RISMEDIA, August 25, 2010—(MCT)—When students and their parents hit the shopping malls for their back-to-school needs this year, they should be armed with their lists—and their mobile phones. Retailers are promoting everything from jeans to pens and notebooks through emails and text messages as they gear up for the second-most-important shopping season of the year. And sales will be rampant as retailers battle for your hard-earned dollars.
“From a marketing standpoint, you need to be where they’re at, and teens spend more time on their mobile phones than on the Internet and than watching TV or reading,” said Tom Aiello, a spokesman for Sears Holdings, parent of Sears and Kmart stores.
Indeed, consumers are increasingly turning to their cell phones for wireless Internet access as well as for text messages and e-mails.
A whopping 95% of 18- to 29-year-olds who own cell phones send or receive text messages while 52% send e-mails, and 20% said they have purchased items through their phones, according to a recent study by the Princeton Survey Research Associates for the Pew Research Center’s Internet and American Life project.
But it’s not just the kids. Pew found that adults aged 30-49 are among the fastest-growing group using mobile-data applications.

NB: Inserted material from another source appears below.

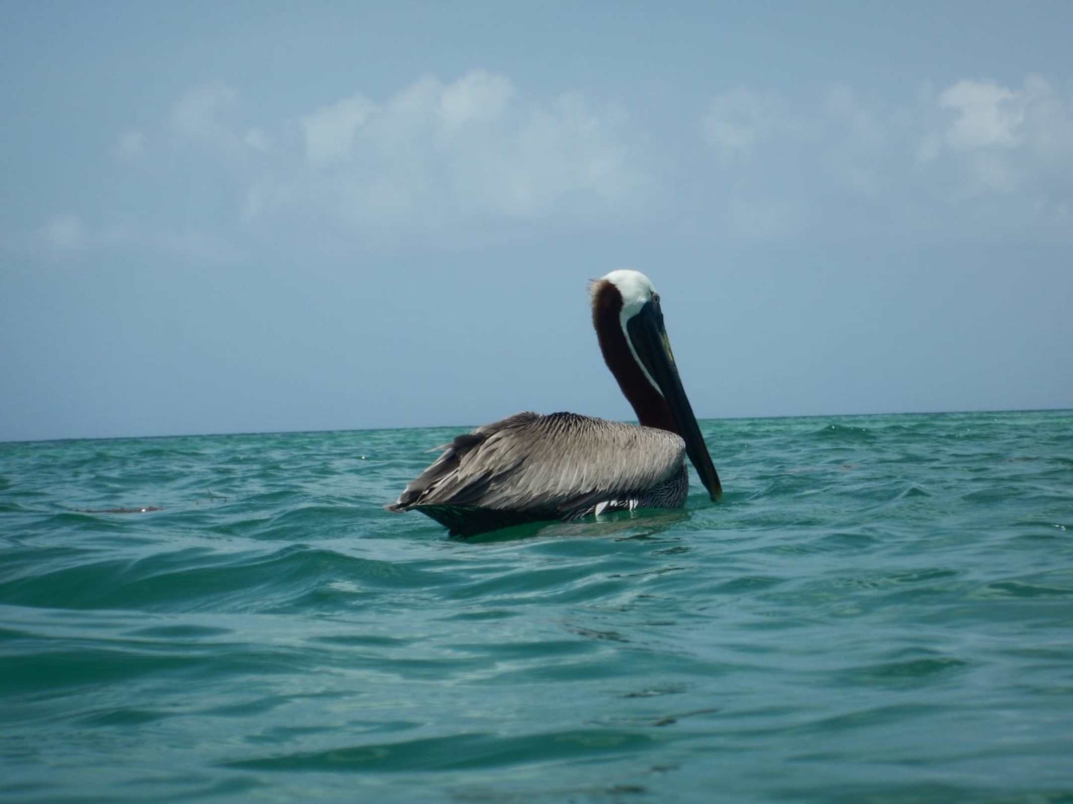 Pelikan am Rande des Schwimmerbereichs

Six of every 10 adults said they use their phones to access the Internet, a 12 percentage point increase from a 2009 survey. About 11% said they had used their phone to make a purchase. Some 10% use their phones to access their Twitter or Facebook accounts.

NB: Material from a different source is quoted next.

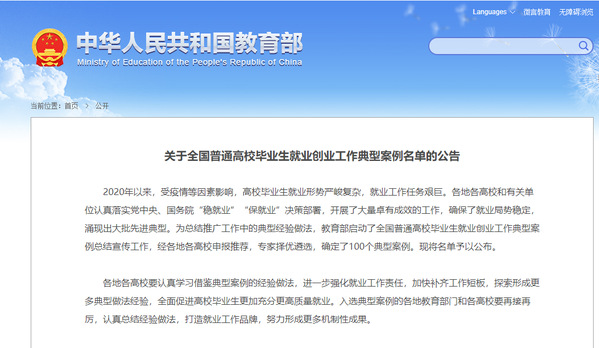 29/ 2021-11我校入選教育部全國普通高校畢業生就業創業工作典型案例

In a recent Deloitte survey, one in three respondents said they would use their phones or social media to help them make decisions about back-to-school purchases. A year ago, only 6% said they would use their phones.
Nearly 65% this year said they research promotions on their phones while another 42% said they would browse for products.
“Mobile devices have become a key part of the planning process of the shopping trip,” said Alison Paul, Deloitte’s retail sector leader.
Mobile coupons and text messages about good deals will be ubiquitous to teens if they opt in. J.C. Penney is putting interactive ads on an iPhone application in which consumers can look at new outfit combinations. Target is sending out scannable coupons that shoppers show at the cash register. Penney’s, Kohl’s and Best Buy will send text messages to promote sales while Kmart customers will find out about daily deals through text alerts. Stage Stores, which owns Bealls, Palais Royal, Peebles and Stage, is sending out discounts every two weeks through Sept. 1.
“These are door-buster kinds of deals on everything from apparel to notebooks and backpacks,” Aiello said of Kmart’s messages.
Not only do shoppers look to mobile phones for coupons and price comparisons, they’re beginning to use them to make purchases—what’s called m-commerce—with applications available on most iPhone platforms and increasingly on BlackBerry and Android platforms.
Sears and Kmart have the Sears2go and Kmart2go applications in which customers upload and tweet their back-to-school purchases. They also can access inventory on any item through GPS and zip code locaters at their local stores.
“Consumers are more open to different avenues of communication today,” Deloitte’s Paul said. “The mobile phone is a convenient tool for them.”